-- Opening Marker --

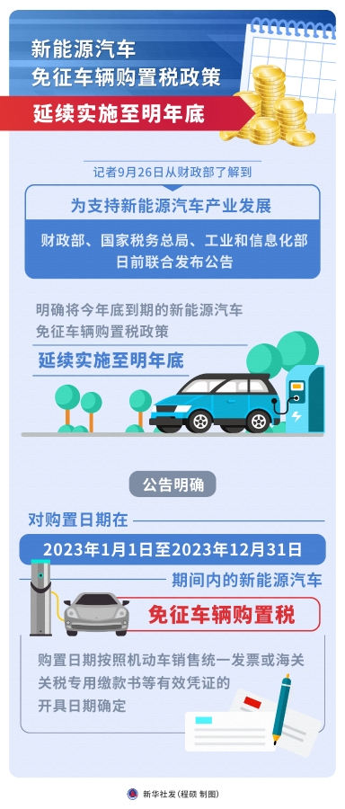 記者9月26日從財政部了解到,為支持新能源汽車產(chǎn)業(yè)發(fā)展,財政部、國家稅務總局、工業(yè)和信息化部日前聯(lián)合發(fā)布公告,明確將今年底到期的新能源汽車免征車輛購置稅政策,延續(xù)實施至明年底。
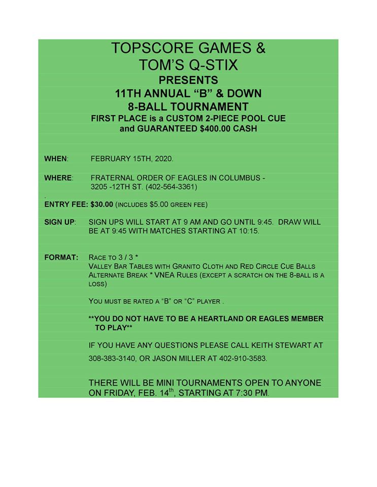 | 02/15/20 | 4:00am | Both | 8-ball | B And Down 2nd Chance 2020 | $0.00 | $15.00 | | Single | 20 |
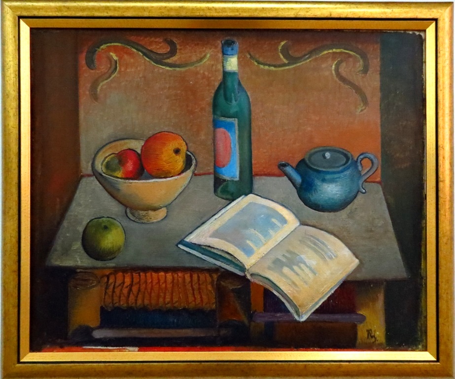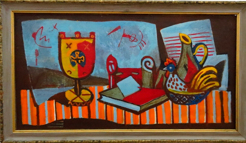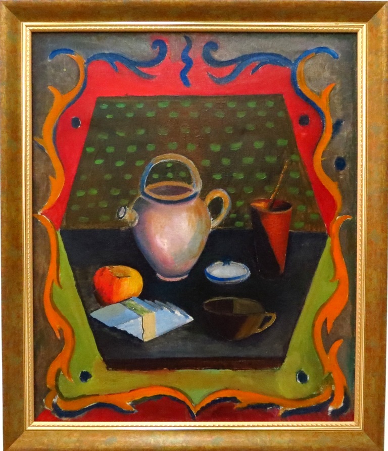 Роман Сельский, Натюрморт с подсвечником и фоном из голубых листов бумаги, 1970-е
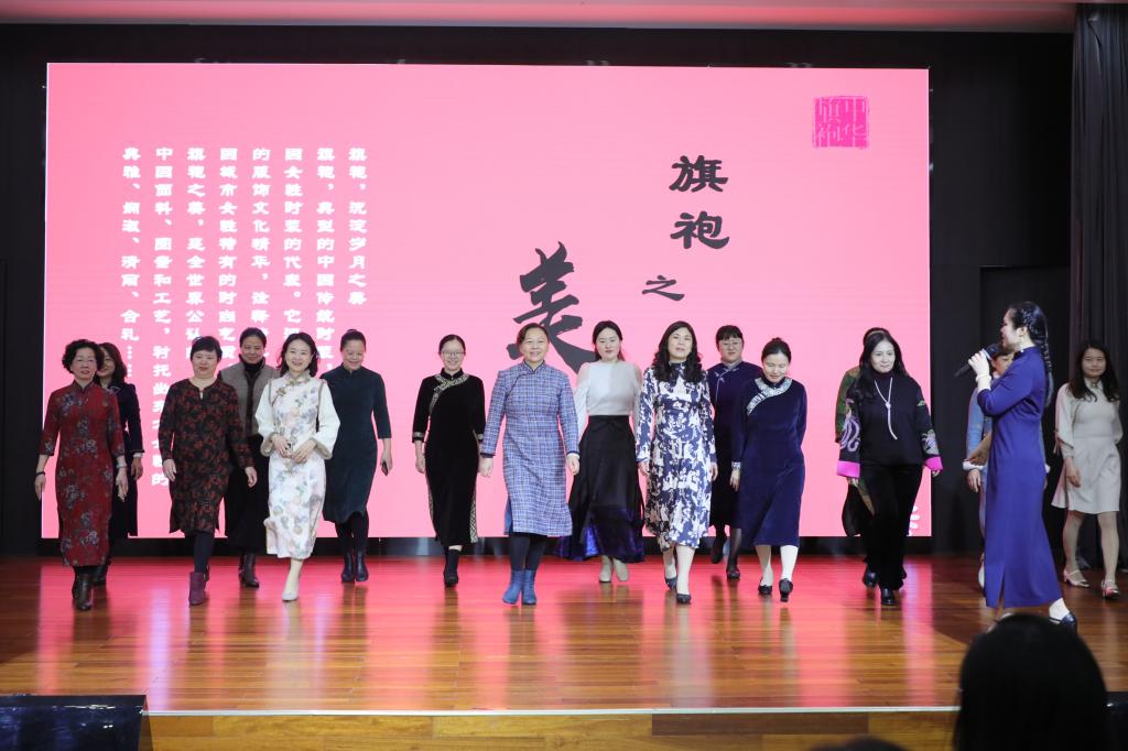 本次讲座主讲为深圳市工艺美术大师、中华旗袍馆馆长、唐颂品牌创始人唐光艳老师,她从旗袍的渊源、历程、工艺、知性代表人物、文化内涵、品鉴、着装原则、非遗传承等方面娓娓而谈,系统讲述了东方审美里最浓重的一笔——《旗袍之美》。讲座期间还穿插了旗袍礼仪及走秀指导、中国四大名锦、绫、罗、绸、缎面料鉴赏、手工盘扣体验等环节。凝瑞文化服饰公司董事长高彧军应邀来到现场,分享旗袍之美感受。整场活动别出心裁、引人入胜,理论与实物相结合,专业性强又生动形象,知识文化内涵丰富,为女教职工全方位展示了一场视觉听觉盛宴、服饰传统文化大餐。
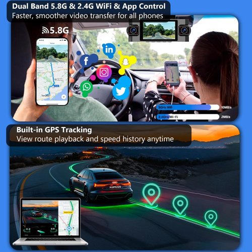 - 【5.8GHz &2.4G WiFi &GPS&Wireless App Control 】its built-in dual-band 5GHz and 2.4GHz WiFi, you can use the dash cam app to view and manage dash cam recordings instantly on your iPhone and Android smartphone. Built-in GPS saves route, speed, and location data in each video—easily review or play back via REDTIGER Player with synchronized front, rear, and cabin views. Perfect for road trips, daily driving, or evidence collection.
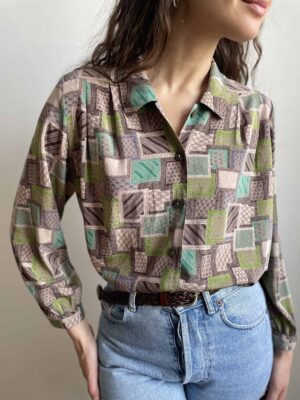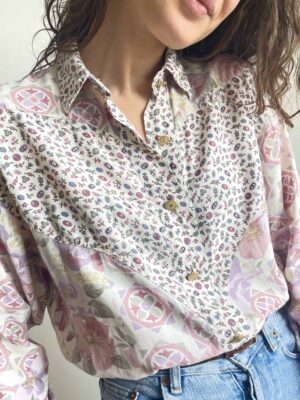 Camicia vintage 100% viscosa fantasia etnica e a fiori pastello
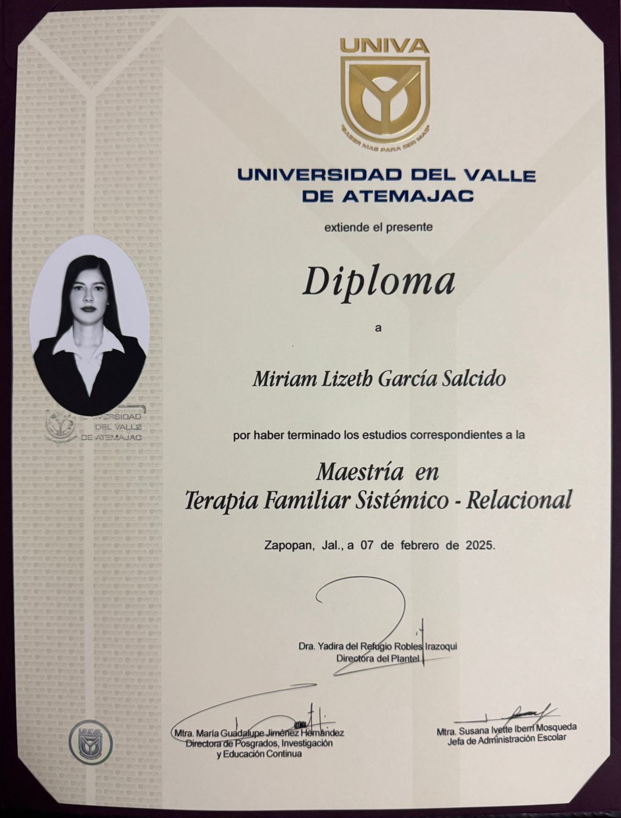 He tenido una excelente experiencia en mis sesiones con Miriam. Su profesionalismo, empatía y calidad humana me brindaron la confianza necesaria para expresarme con libertad. A lo largo del proceso me ayudó a comprender mejor mis comportamientos, emociones y pensamientos, proporcionándome herramientas muy útiles para aplicarlas en mi día a día. Agradezco profundamente su acompañamiento y dedicación, y sin duda la recomiendo ampliamente.
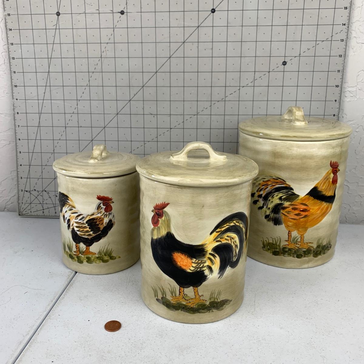 #14 Calderone Hand Painted Rooster Kitchen Containers
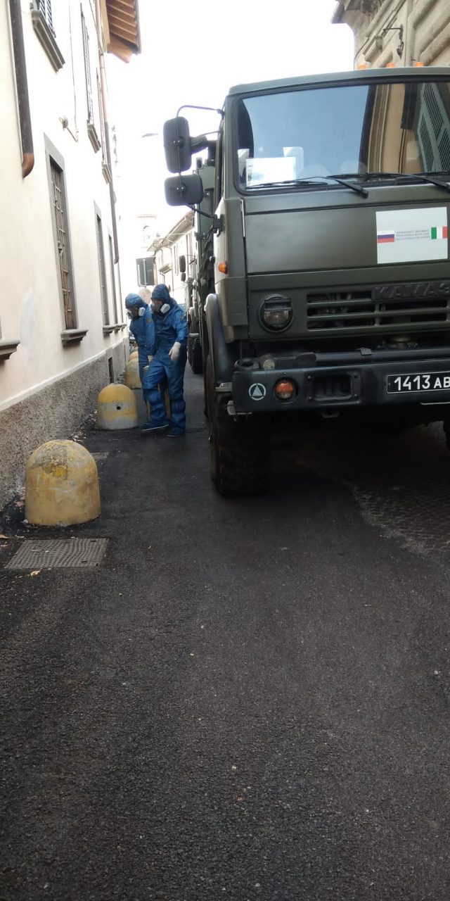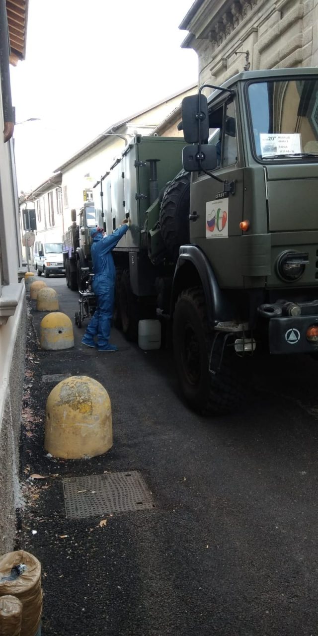 L’esercito italiano e quello russo sono arrivati anche a Palazzolo. Dopo Chiari, Urago, Castrezzato, Rovato e numerossissimi Comuni della Bassa, ora hanno raggiunto la zona del Sebino. Questa mattina infatti, dopo il sopralluogo di ieri, hanno iniziato le operazioni di pulizia e sanificazione, a seguito dell’epidemia di Coronavirus, nei locali della Casa di riposo don Cremona situata a Mura, storico quartiere nel cuore della città.
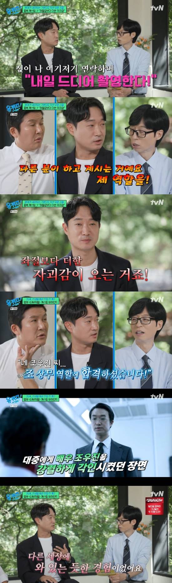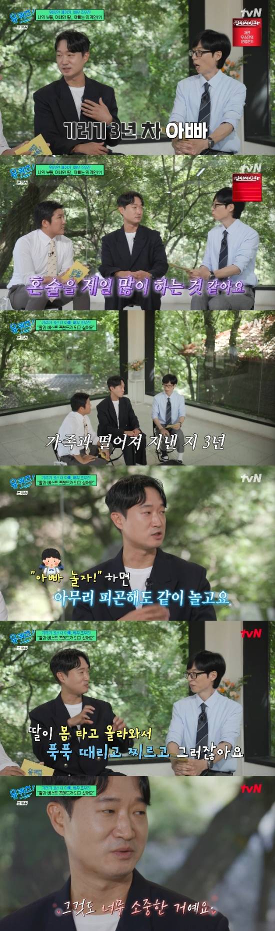 '유퀴즈'에서 배우 조우진이 현재 기러기 아빠 생활을 하고 있음을 고백했다.
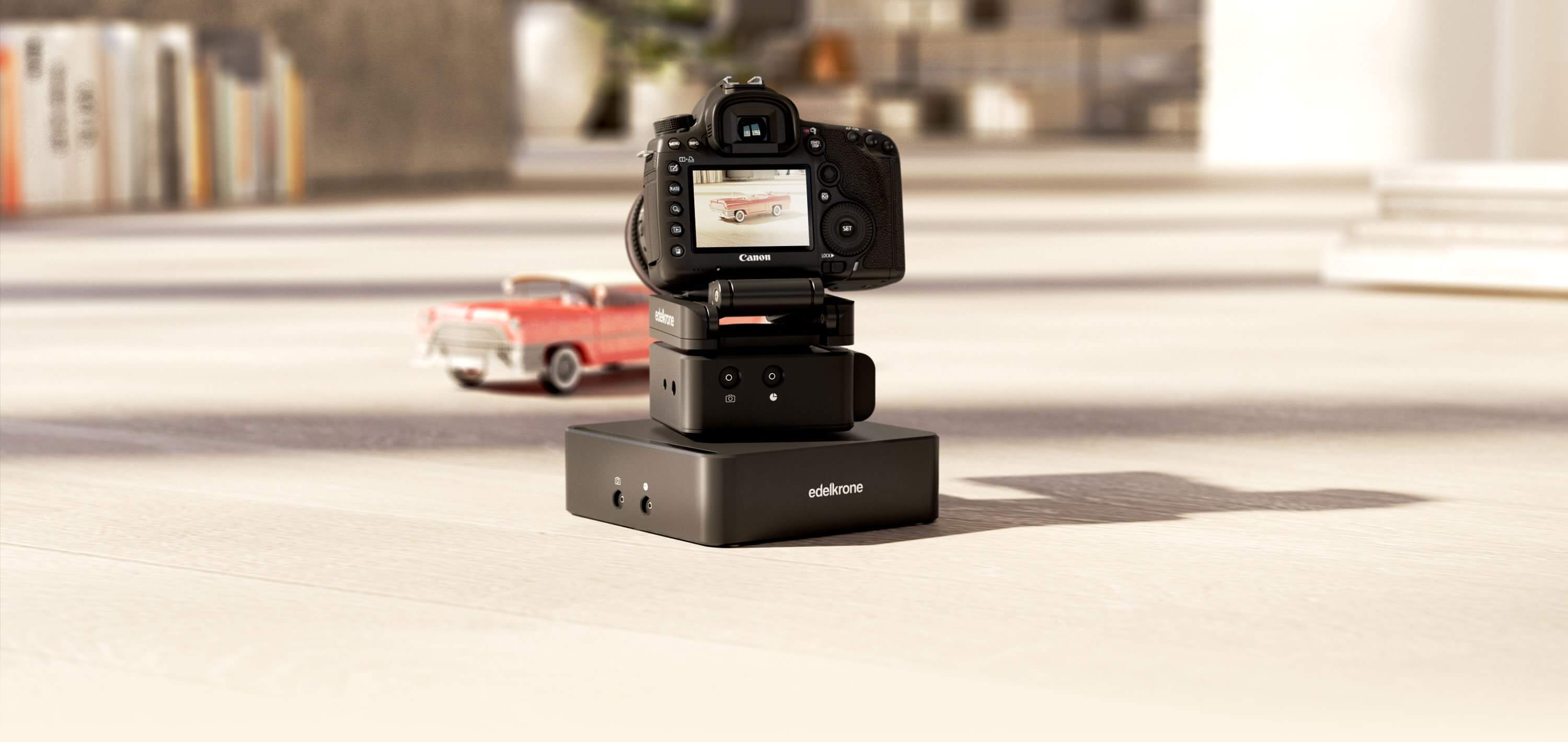 Ultra portable, motorized table-top dolly to create linear or curved camera motions on flat surfaces + wireless connectivity with edelkrone motorized heads.
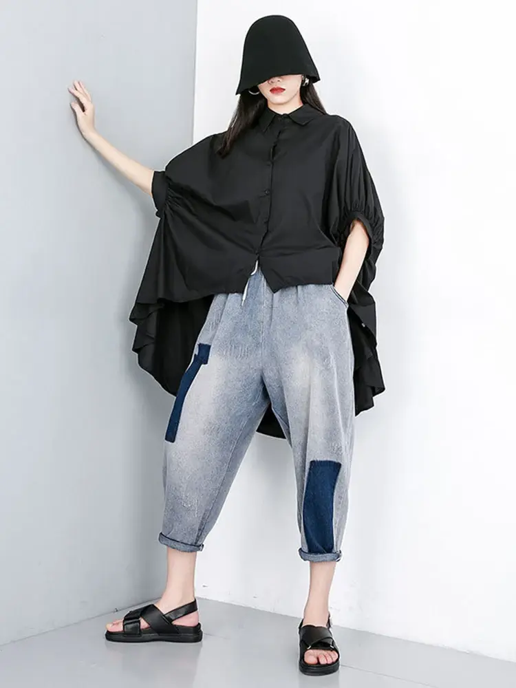 This relaxed-fit shirt offers effortless style in classic black or white. Made from a breathable cotton-polyester blend, it features a comfortable turn-down collar and short sleeves for warm weather wear. The non-stretch fabric drapes beautifully for a flattering silhouette.
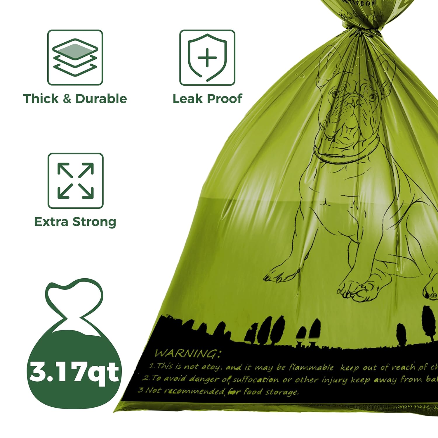 - THICK AND DURABLE:Our compostable poop bags for dogs covers your embarrassment and is suitable for puppy to large dogs.
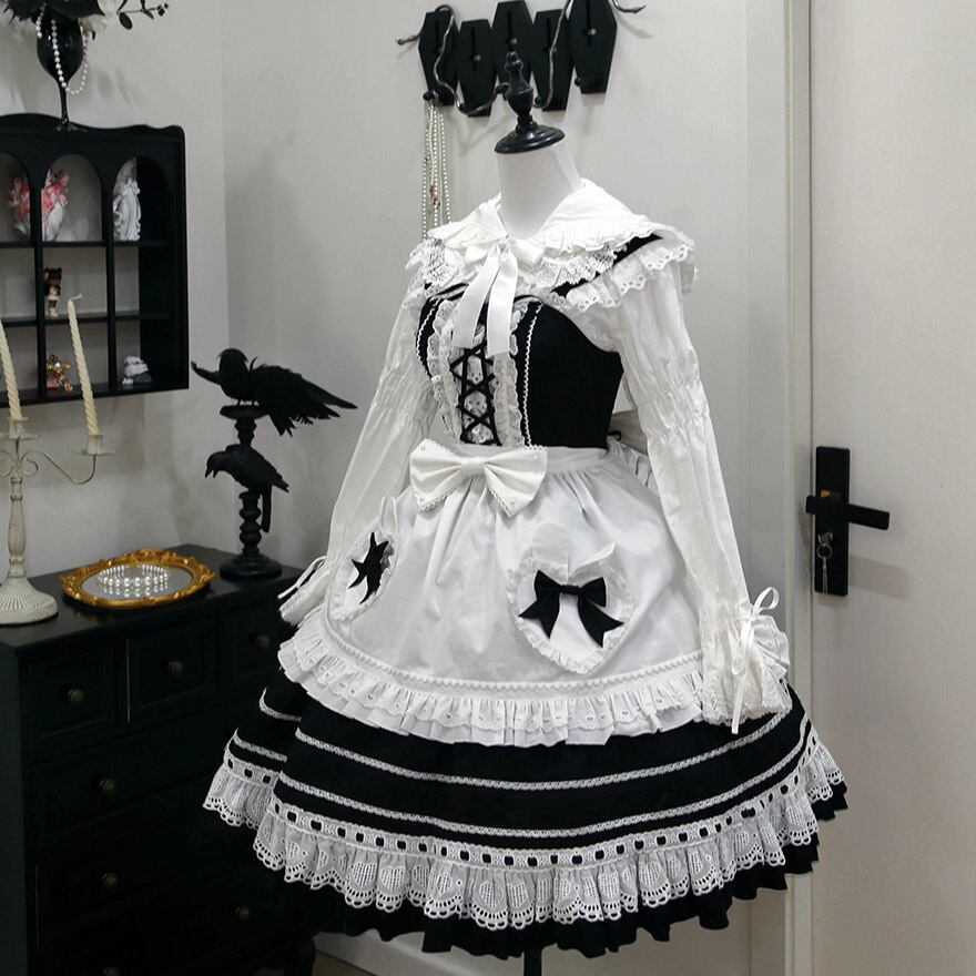 ゴスロリ地雷系 エプロン バックリボン メイド服 フリル リボン
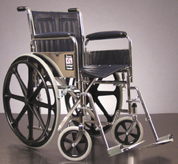 - Everest & Jennings New Traveler, standard wheelchair with padded, burgundy leatherette upholstery and padded armrests. Fixed arms, with swing-away detachable footrests. Adult seat size of 18"w. x 16" d. with a 24" rear wheel and 8" front casters. Chrome finish with durable aluminum footplates. 16.5" back height. Overall wheelchair weight of 36 lbs. 2 year limited warranty on frame and crossbraces. 300 lb. weight capacity. Other sizes available include: narrow, wide and extra-wide.
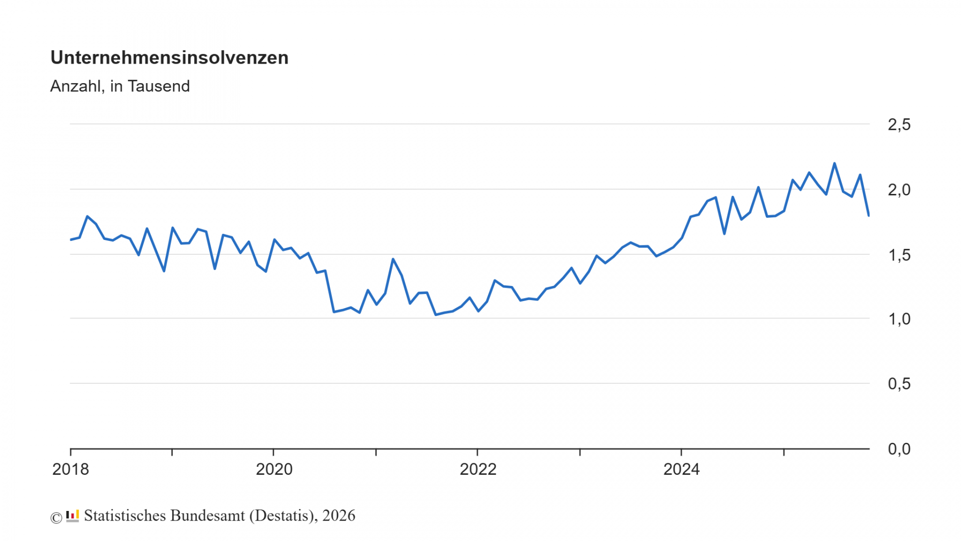 - Destatis: Unternehmensinsolvenzen im November 2025 leicht gestiegen - 16. Februar 2026

-- Closing Marker --

**What the exercise asks**
Leaving every picture out, please copy exactly the lines from the one holding "- THICK AND" through the last line of the listing, both ends included.

**Answer box**
 - THICK AND DURABLE:Our compostable poop bags for dogs covers your embarrassment and is suitable for puppy to large dogs.
 ゴスロリ地雷系 エプロン バックリボン メイド服 フリル リボン
 - Everest & Jennings New Traveler, standard wheelchair with padded, burgundy leatherette upholstery and padded armrests. Fixed arms, with swing-away detachable footrests. Adult seat size of 18"w. x 16" d. with a 24" rear wheel and 8" front casters. Chrome finish with durable aluminum footplates. 16.5" back height. Overall wheelchair weight of 36 lbs. 2 year limited warranty on frame and crossbraces. 300 lb. weight capacity. Other sizes available include: narrow, wide and extra-wide.
 - Destatis: Unternehmensinsolvenzen im November 2025 leicht gestiegen - 16. Februar 2026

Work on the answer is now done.